Ceux du groupe qui étaient là ont tous obtenu le passeport bleu.
Plus tard, j’ai retiré aussi le vert, avec les visas antérieurs. C’était mieux de le détenir caché chez moi que de le laisser entre les mains des autorités qui pouvaient découvrir en l’analysant profondément que j’avais obtenu l’asile politique au Danemark et que je l’avais refusé.
Pour la première fois de ma vie j’ai accepté une tricherie. Un des protégés du président de la commission du concours d’admission au lycée avait été mal noté par moi. Si j’augmentais la note de 4 points, le chef m’offrait gracieusement 100$. C’était mon salaire pour un mois.
J’ai toujours voulu être en dehors de leurs manigances. D’ailleurs, ils se méfiaient de moi lorsque j’étais examinateur. Comment faisaient-ils pour reconnaître leurs candidats préférés, tout en gardant des apparences correctes ? J’étais au courant de plein d’artifices : cachets apposés à droite ou à gauche, plus ou moins imprimés, signature du superviseur en haut ou en bas de page, avec des caractères droits ou penchés dans l’un des deux sens, des sujets connus d’avances, des aides données au cours du concours, lorsque l’un des élèves était escorté dédaigneusement aux toilettes ou accompagné tristement dans la salle des profs, parce que l’un des membres de sa famille était subitement décédé, des hiéroglyphes marqués dans certains endroits par les concurrents afin que leur épreuve écrite soit plus facilement repérée. C’était tout codé, classifié, embrouillé et je ne m’intéressais pas à ces affaires mafieuses.
Pour les cas les plus désespérés, on faisait appel à celui qui corrigeait et on lui offrait une partie insignifiante de la somme versée.

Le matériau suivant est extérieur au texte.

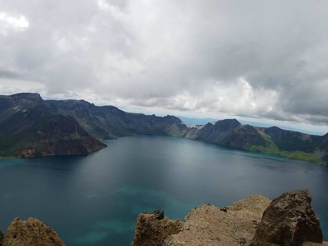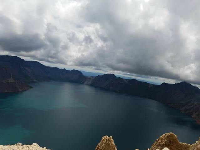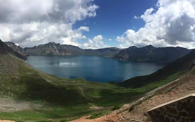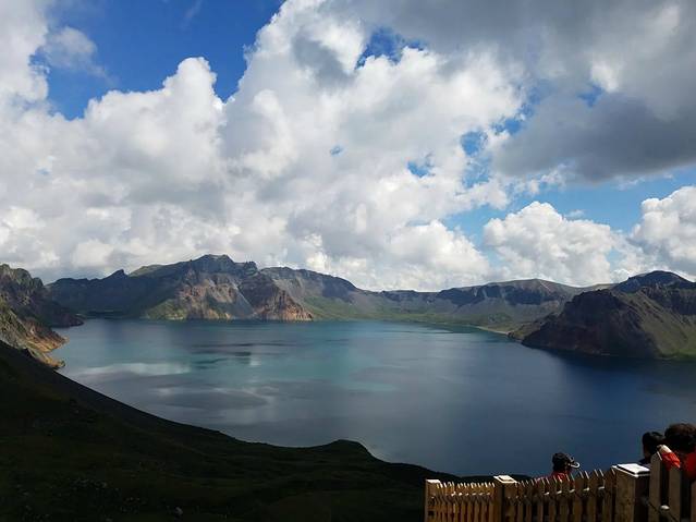 长白山天池位于长白山主峰火山锥体的顶部,是中国最大的火山口湖,荣获海拔最高的火山湖吉尼斯世界之最。它是松花、图们、鸭绿三江之源,是中朝两国的界湖。每隔一年,长白山都会有一个奇景,就是,水里会有火冒出,那是因为天池水里的物质与水面发生冲破,会产生火焰。这里每年都会吸引很多游客不远万里来观看天池,也有一大部分人看不到天池,失望而归。因此在出行前我曾关注过长白山天气,非常担心天气不好,看不到天池。站在山脚下,看着山顶上时而阴时而晴,我的心忐忑不安,如果这次看不到天池,下次再来还不知得等到什么时候呢?人们都说天池是有灵性的,大概她看到了我们的热情和善良,让我们看到了她的真容。

J’ai accepté ce compromis, à ma manière. Je m’absentais un peu, parce que j’étais fatiguée. J’allais recorriger plus tard. Si entre temps les réponses étaient meilleures, je les notais à leur nouvelle valeur. En rentrant, j’ai pu augmenter la note et j’ai empoché ce qu’on me devait. J’ai commenté que j’avais des preuves pour certaines illégalités commises. On remplissait des espaces vides, à l’insu du correcteur. Si je dévoilais ce mystère, le ministère pouvait déraciner l’inspecteur. Il m’a fait un gros cadeau, que j’ai vendu à un bon prix au marché noir.